Restaurants

Breakfast for Dinner Recap

July 19 2013 - 4:56 PM

I saw Nothing Can Hurt Me, a great documentary about the star-crossed ’70’s band, Big Star.  One of the movie’s many voices, in describing the band’s beautiful, timeless music, reiterated an interesting description for the purpose of art.  He stated that art’s purpose is to capture a moment so that it seems as though time has stopped.  Itself an art form, fine dining can also achieve such a level of quality and impact so that, momentarily, the progression of time for the patron seemingly stands still.  Trenchermen’s five-course Breakfast For Dinner proved as an example of such a senses-gripping dining experience.  A moment that was distinctly breakfast was followed by another moment that captured dinner. Through a reinvention of traditional breakfast fare, the chef uplifted breakfast to haute cuisine, distilling familiar flavors to concepts and toying with the palate while staying within the margins of accessibility.

A perfect example of this artistry occurred right at the outset during hors d’oeuvres with smoked chicken rillettes.  Delicate and crisp, the creamy chicken and the crumbly pastry wedge together formed a satisfying contrast of textures. Tomato gazpacho similarly pulled together disparate elements, merging a devilishly light, green creamy texture with a a slight and unexpected heat.  Perhaps the only ordinary element in any dish was a tater tot, but the accompanying creamy, savory hackleback caviar pointed it all toward another dimension.  The drink pairing was delightful as well.  Described as the Trencher-mosa, this vodka-and-peach-liqueur-based drink mixed with soda water was an ideal refreshment and proved as the perfect introduction for the evening’s festivities, particularly given the oppressive Chicago summer heat.

The rectangular, centrally-situated bar, where we enjoyed the Trencher-mosa, adds a warm and classy element to the interior.  Dim lighting, ribbed, wooden tap handles, and an array of curious-looking liquor bottles stacked high on shelves made for an inviting bar scene.

To start dinner, course one cleverly disguised an omelet in pink color, sliced lengthwise so that the egg looked like smoked salmon.  Its warm, soft texture effortlessly melted in your mouth.  Crunchy pecans contrasted nicely with the egg, and was solidly backed by an astringent, honeyed sherry.  Course two’s deconstructed bagels and lox featured succulent, tender salmon and a bagel so crispy that it mimicked a donut, spread with a mustard cream cheese which balanced creamy with spicy.   A biscuity, off-dry, prosecco complemented this dish, and helped me recall upscale New York hotel brunches.

Course three was the most challenging, as it offered bacon-stuffed bacon, popcorn grits and “apple” chiles, all paired with California riesling.
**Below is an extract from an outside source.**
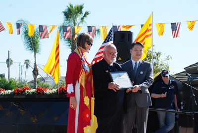 Ông nói: “Họ đã cùng sát cánh bên nhau trải qua một cuộc chiến để bảo vệ tự do cho Việt Nam trước sự xâm lăng của đế quốc Cộng Sản qua tay Cộng Sản Việt Nam. Hôm nay họ gặp nhau đây sau 40 năm cuộc chiến chấm dứt để nối nhịp cầu với nhau. Thành phố Westminster xin được xác nhận sự hy sinh cao cả của những người cựu chiến binh Hoa Kỳ và VNCH đã hết lòng chiến đấu cho tự do. Và cũng xin nhân danh thế hệ trẻ để bày tỏ lòng tri ơn của chúng tôi với quí vị.”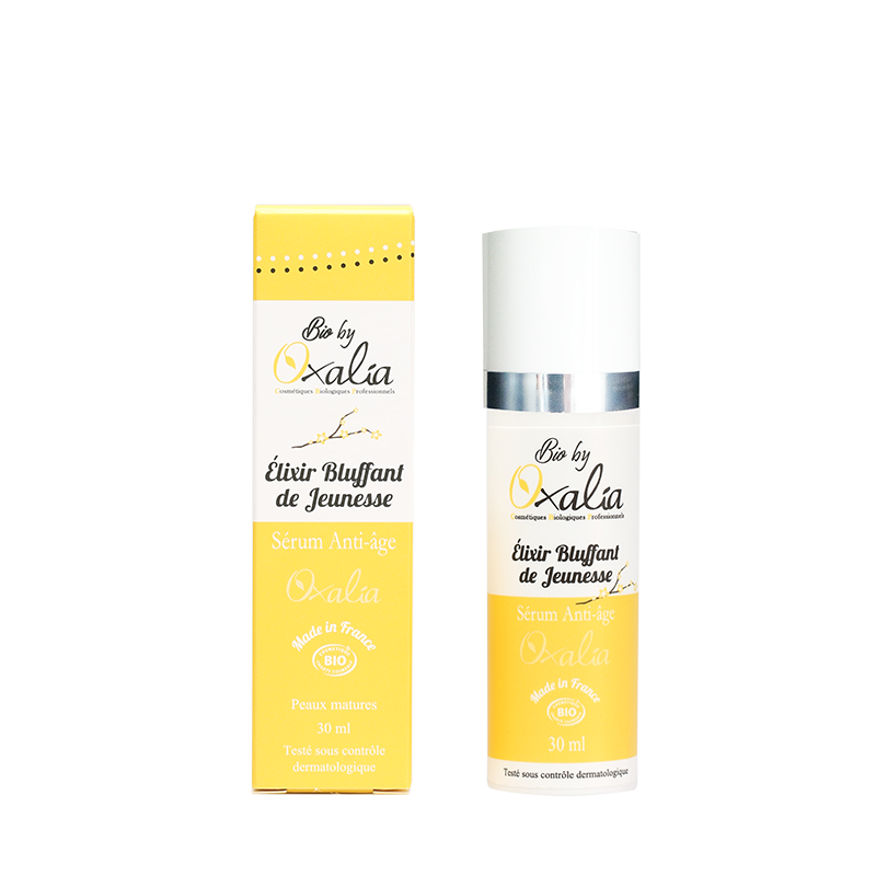 Concentré huileux (synergie d'extraits bio de thé vert, acérolat, argousier, vigne rouge, ...) anti-âge et fermeté, utilisation sur le visage et le buste.

However it may have been the winning course of the evening. The popcorn grits carried an pleasing pop, the chiles were properly zesty, and the savory, chewy Canadian bacon was delectable. Paring the bacon with a riesling proved to be a dynamite move, as its tartness tamed the bacon’s fat, while the salty bacon emphasized the wine’s moderate fruitiness.

The fourth, and final-non-dessert, course appeared at first blush to be the most ordinary:  New York strip loin, poached egg, potatoes, and pickled asparagus.  But with a culinary flourish.  The fluffy egg, round, and soft poached, was fun to crack open.  Truffle oil rendered the potatoes into a decadently crispy treat that effortlessly collapsed upon the slightest bite.  I now am sure that pickled asparagus is simply irresistible.  A round-but-zesty Spanish red somehow maintained order among these myriad flavors.
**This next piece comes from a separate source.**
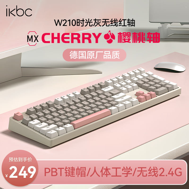 ikbcW210无线键盘机械键盘108键电竞游戏键盘办公打字手感好电脑键盘樱桃键盘新年礼物 时光灰红轴无线

Finally, the fifth course was dessert, a “French toast,” which was really a banana pudding brownie with whisky caramel drizzle, alongside ice cream and streusel.  I loved the way that the banana creation dissolved on my palate, leaving behind a nutty caramel flavor with mellow cinnamon notes.  This round was well-paired with a caramel-forward Muscat.

Breakfast for Dinner appeared to be well-received by Chicago foodies who shared the experienced of this singular dining experience, if only for the moment.